Many algorithms have been developed to deal with this problem4,5,6. One of the main challenges is to automatically identify which features of the spike waveform should be used for classification. In fact, as important as the clustering algorithm per se is the preceding processing step, often referred to as dimensionality reduction7. This step aims at transforming the set of waveforms into a small representation in order to reduce noise and provide the most informative components to be used by the clustering algorithm.
A largely used technique for dimensionality reduction is the principal component analysis4,8,9 (PCA). Representing the data in terms of a principal component (PC) means that each waveform is redefined as a weighted sum of its values, a linear combination determined by the PC weights; this transforms the entire waveform into a single number. By definition, the first PC is the axis (or linear combination) which captures most variance of the data. The second PC is the axis that captures most variance orthogonal to the first PC, and so on. In this way, waveforms might be represented by a small set of uncorrelated (orthogonal) components that capture most of their variance.
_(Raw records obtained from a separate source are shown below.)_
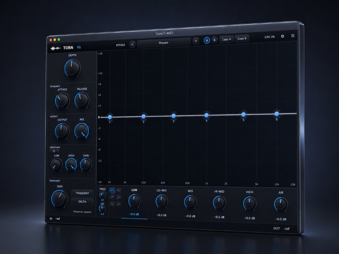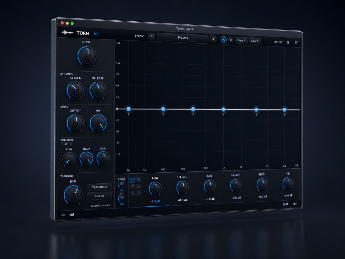 A six-band dynamic EQ with transient detection, multi-band sidechain and a depth engine that breathes. Built for engineers who carve tone for a living.
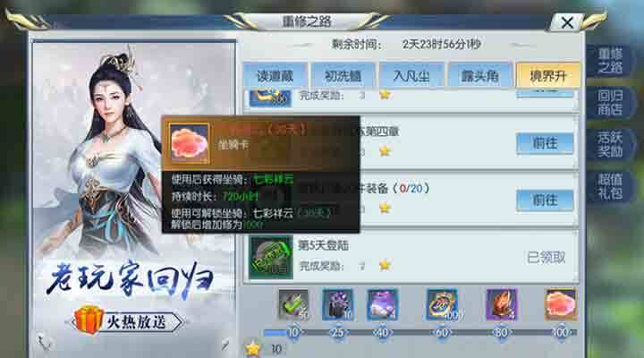 完成重修之路的任务可以获得金币,还有各种各样的道具,对回归玩家的修为肯定能有不小的提升,再加上其他的回归活动,相信回归玩家的修为肯定会提升的非常快,弥补退游那一段时间的损失。好了今天的回归之路境界升的介绍就到这里了,更多精彩内容请继续关注择天记手游。
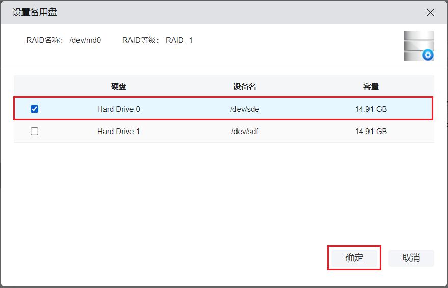 把新的硬盘接入到设备里,在RAID管理器界面,点击“设置备用盘”,可以看到我们刚才接入的那块硬盘,选中硬盘后,点击“确定”,新加入的硬盘就设置成热备盘了,当RAID设备缺少硬盘的时候,热备盘会自动加入到RAID设备,并开始重新同步
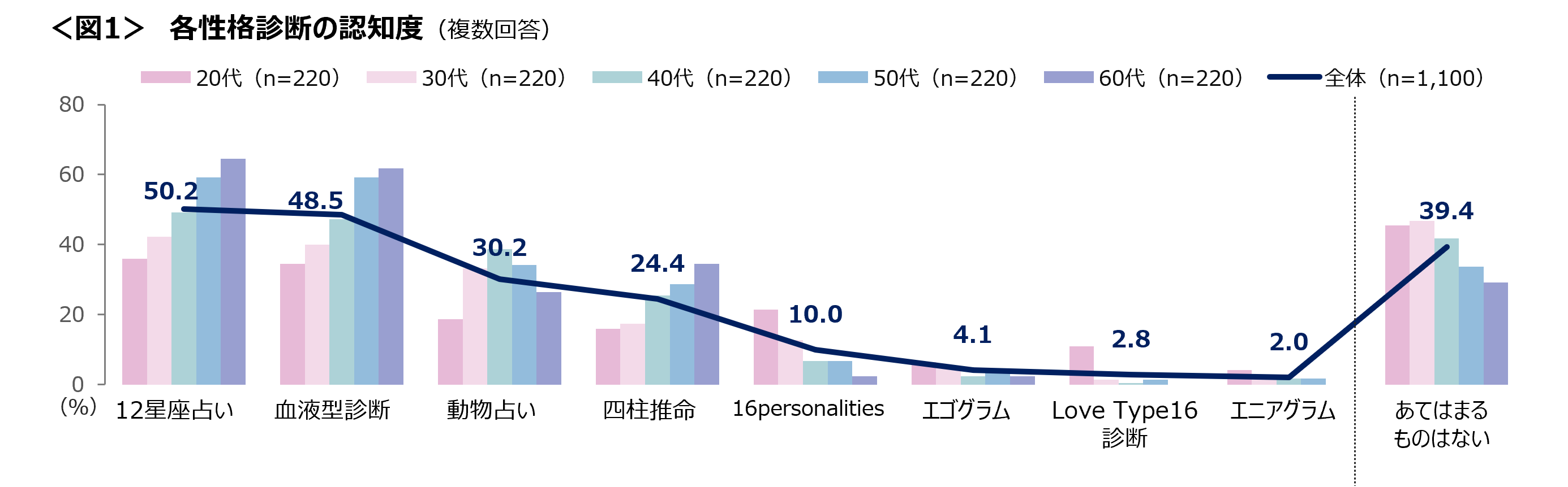 「12星座占い」「血液型診断」「四柱推命」は年代が上がるほど認知率も高まる。20代は「16personalities」「Love Type16診断」が高い。<図1>
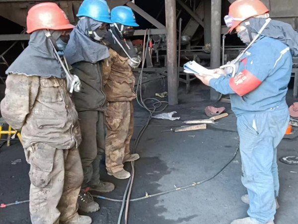 公司每天7:25進行全體參與檢修人員點名,由公司安全環保科對前一天檢修任務進行點評和通報,生產科安排部署當天的工作任務,為每天的工作開展打下良好的基礎。
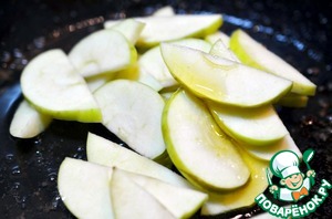 В сковороду, где жарилась печень, добавить сливочное масло, яблоки, нарезанные дольками.
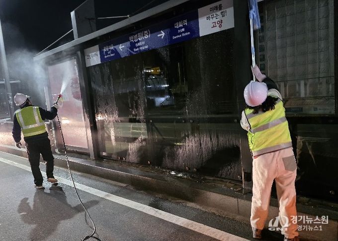 [경기뉴스원/경기뉴스1] | 고양특례시 일산서구는 오는 24일 개최되는 ‘2026고양국제꽃박람회’에 대비해 방문객과 시민들에게 쾌적한 교통 환경을 제공하기 위해 지난 15일 새벽 중앙로 간선급행버스체계(BRT) 승강장에 대한 고압 물세척을 완료했다.

Although it is convenient to represent the data in a set of uncorrelated components, the main caveat of PCA-based sorting is the core assumption that feature variance would be proportional to its capacity of isolating neurons (clustering separability), which may not be the case. Alternatively, one can rescale the data in order to bias PCA to primarily extract multimodal components relevant for clustering, a technique called weighted-PCA10,11,12 (wPCA). In this framework, each time point (sample) of the waveform is divided by its variance (across waveforms) and multiplied by an estimate of its clustering separability. The challenge, then, is to find the optimal method to make such estimate in an unsupervised manner.
A common alternative to PCA is the wavelet decomposition (WD)13,14,15,16, which provides a time-frequency representation of the signal. The WD transforms each waveform into a set of wavelet coefficients, which isolate frequency (or time scale) components at a certain location in time. Similarly to PCA, one can then obtain a small set of wavelet coefficients that capture localized frequency components relevant for spike classification, thus reducing dimensionality. As in the wPCA, estimates of clustering separability are required to select a mixture of relevant components (see Materials and Methods).
Once the complexity of the data is reduced, the next step is to perform clustering with the selected features. Manual selection of each cluster with the aid of visualization tools is a difficult task when there are too many neurons, besides introducing human bias. To automatize this step, previous approaches have used unsupervised clustering based on template matching17, the distance between cluster centers4,13 (i.e., k-means), or statistical models of the data (see refs4,11,18,19,20,21).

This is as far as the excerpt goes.